From the entries that follow, reproduce exactly and only the lines from the line with "Nakon dobre i" to the line with "Reklameskilt i fladt", endpoints included.

**SOURCE DATA:**
*****
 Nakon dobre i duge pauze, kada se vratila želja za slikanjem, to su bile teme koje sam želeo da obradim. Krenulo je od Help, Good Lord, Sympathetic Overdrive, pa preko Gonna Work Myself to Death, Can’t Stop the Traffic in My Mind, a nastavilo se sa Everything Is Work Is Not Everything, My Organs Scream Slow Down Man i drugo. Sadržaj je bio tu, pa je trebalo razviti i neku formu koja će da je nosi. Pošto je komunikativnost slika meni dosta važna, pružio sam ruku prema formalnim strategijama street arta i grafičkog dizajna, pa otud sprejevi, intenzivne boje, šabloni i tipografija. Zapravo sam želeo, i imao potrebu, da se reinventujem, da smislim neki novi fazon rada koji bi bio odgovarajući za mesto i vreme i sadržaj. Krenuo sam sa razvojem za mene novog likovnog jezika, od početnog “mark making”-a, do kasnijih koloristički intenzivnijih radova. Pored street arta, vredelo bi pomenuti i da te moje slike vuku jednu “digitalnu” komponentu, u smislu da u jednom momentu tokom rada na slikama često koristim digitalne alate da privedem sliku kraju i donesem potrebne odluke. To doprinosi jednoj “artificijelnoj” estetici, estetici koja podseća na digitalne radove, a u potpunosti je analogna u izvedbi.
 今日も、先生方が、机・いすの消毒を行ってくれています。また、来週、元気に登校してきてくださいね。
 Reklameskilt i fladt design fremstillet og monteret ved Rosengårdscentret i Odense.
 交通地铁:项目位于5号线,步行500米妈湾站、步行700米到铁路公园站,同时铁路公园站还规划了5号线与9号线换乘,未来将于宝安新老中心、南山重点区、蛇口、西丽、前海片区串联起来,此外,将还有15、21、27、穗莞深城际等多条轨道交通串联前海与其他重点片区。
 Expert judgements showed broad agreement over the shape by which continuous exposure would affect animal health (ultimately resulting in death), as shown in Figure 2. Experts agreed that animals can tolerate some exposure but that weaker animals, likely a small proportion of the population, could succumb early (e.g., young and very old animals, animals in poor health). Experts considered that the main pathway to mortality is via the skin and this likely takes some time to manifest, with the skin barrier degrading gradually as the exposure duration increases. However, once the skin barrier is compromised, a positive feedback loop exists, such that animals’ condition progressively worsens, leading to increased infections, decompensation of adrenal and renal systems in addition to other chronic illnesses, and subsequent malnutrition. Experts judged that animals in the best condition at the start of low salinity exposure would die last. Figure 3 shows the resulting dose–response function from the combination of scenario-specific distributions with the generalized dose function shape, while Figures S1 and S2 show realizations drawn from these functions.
*****
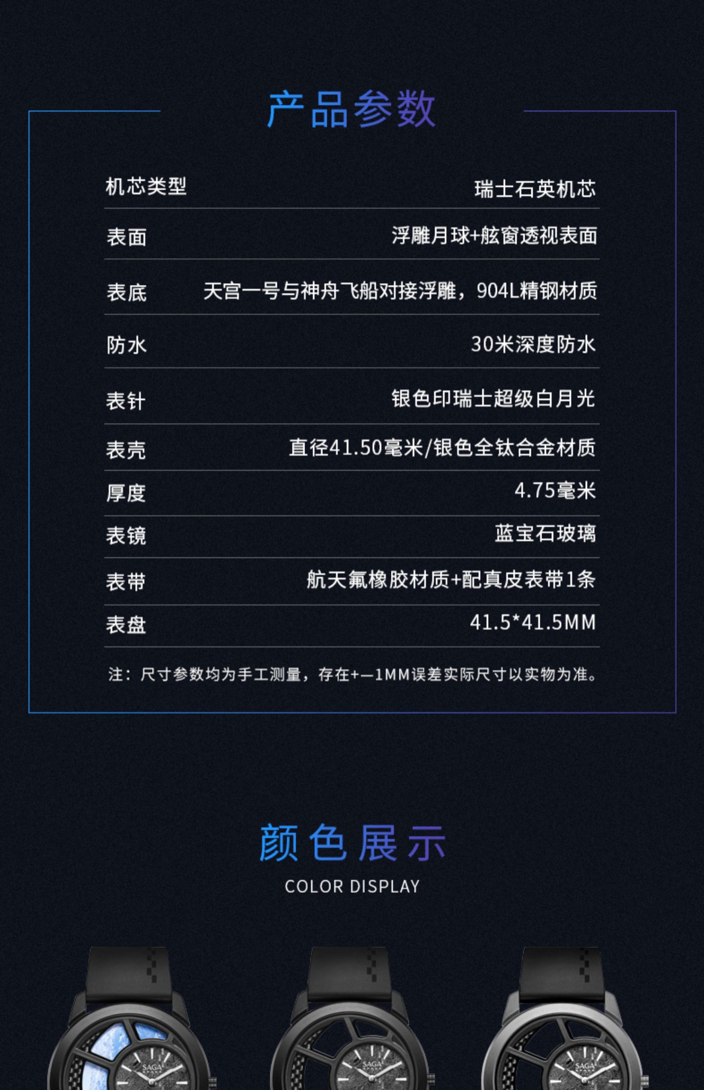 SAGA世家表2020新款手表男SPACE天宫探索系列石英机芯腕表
*****
**RESULT FOR THIS EXERCISE:**
 Nakon dobre i duge pauze, kada se vratila želja za slikanjem, to su bile teme koje sam želeo da obradim. Krenulo je od Help, Good Lord, Sympathetic Overdrive, pa preko Gonna Work Myself to Death, Can’t Stop the Traffic in My Mind, a nastavilo se sa Everything Is Work Is Not Everything, My Organs Scream Slow Down Man i drugo. Sadržaj je bio tu, pa je trebalo razviti i neku formu koja će da je nosi. Pošto je komunikativnost slika meni dosta važna, pružio sam ruku prema formalnim strategijama street arta i grafičkog dizajna, pa otud sprejevi, intenzivne boje, šabloni i tipografija. Zapravo sam želeo, i imao potrebu, da se reinventujem, da smislim neki novi fazon rada koji bi bio odgovarajući za mesto i vreme i sadržaj. Krenuo sam sa razvojem za mene novog likovnog jezika, od početnog “mark making”-a, do kasnijih koloristički intenzivnijih radova. Pored street arta, vredelo bi pomenuti i da te moje slike vuku jednu “digitalnu” komponentu, u smislu da u jednom momentu tokom rada na slikama često koristim digitalne alate da privedem sliku kraju i donesem potrebne odluke. To doprinosi jednoj “artificijelnoj” estetici, estetici koja podseća na digitalne radove, a u potpunosti je analogna u izvedbi.
 今日も、先生方が、机・いすの消毒を行ってくれています。また、来週、元気に登校してきてくださいね。
 Reklameskilt i fladt design fremstillet og monteret ved Rosengårdscentret i Odense.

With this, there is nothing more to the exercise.